1) Taking numbers from standard notation and converting them
into scientific notation.
a) find the decimal point.
b) move the decimal point so that your # is greater to or equal
to 1, but less than 10.
c) count how many places you moved the decimal point and use
that as your exponent of 10. Then get rid of all not-significant
zeros.
d) if the number gets larger the exponent gets smaller and vice
versa.
2) Converting a Number From Scientific Notation
to Standard Notation
• See examples on overhead!
a) Make exponent zero.
b) Move the decimal point accordingly.
Operations Using Scientific Notation
1) Mult. - mult. numbers and add
exponents!
• see examples on overhead!
2) Div. - div. numbers and subtract bottom
exponent from the top exponent!
• see examples on overhead!
3) Add/Sub - get the exponents the same
and then perform the indicated operation!

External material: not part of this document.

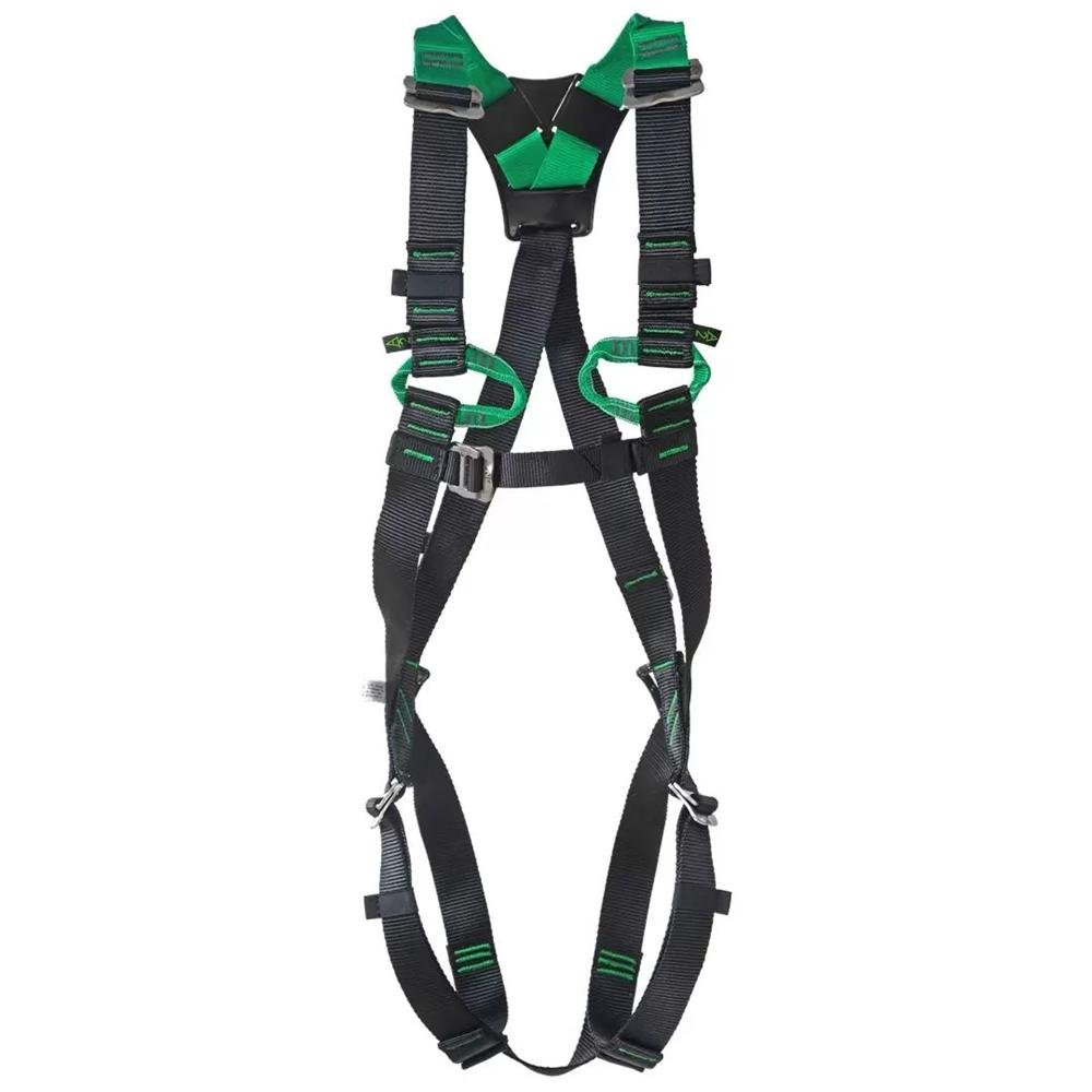 Possui dois pontos de conexão para acessórios contra queda, sendo um ponto peitoral, formado pela união de dois anéis em fita nos suspensórios (A/2) e outro ponto dorsal em aço inox (A);

• see examples on overhead!
Precision vs. Accuracy
– Precision • how close you come to your original value on
repeated trials.
– Accuracy • how close you get to the accepted value.
– Actual or Accepted Value (A.V.) • the correct value.
– Experimental Value (E.V.) • the value you obtained through experimentation.
– Percent Error • your error expressed as a percent.
% error = (EV -AV)/AV X 100
• see examples on overhead!
Practice Problem:
1) AV = 1.00 g/ml
EV = 1.25 g/ml
% error = ?
answer = 25%
Density
– Density • mass per unit volume.
D = M/V
* density demos (notes for myself)
1) grad cylinders
2) coke and diet coke
• The density of a substance changes with changes
in temperature. Ice floats in a glass of water
because the solid is less dense than the liquid.
• see examples on overhead!
Density Jar Assignment
Specifications:
1) Clear, plastic container with a lid (tightly sealed!).
2) A minimum of 5 layers.
3) Each layer must be fully labeled in the order which
they settled.
4) Your name and period must be clearly marked on the
container.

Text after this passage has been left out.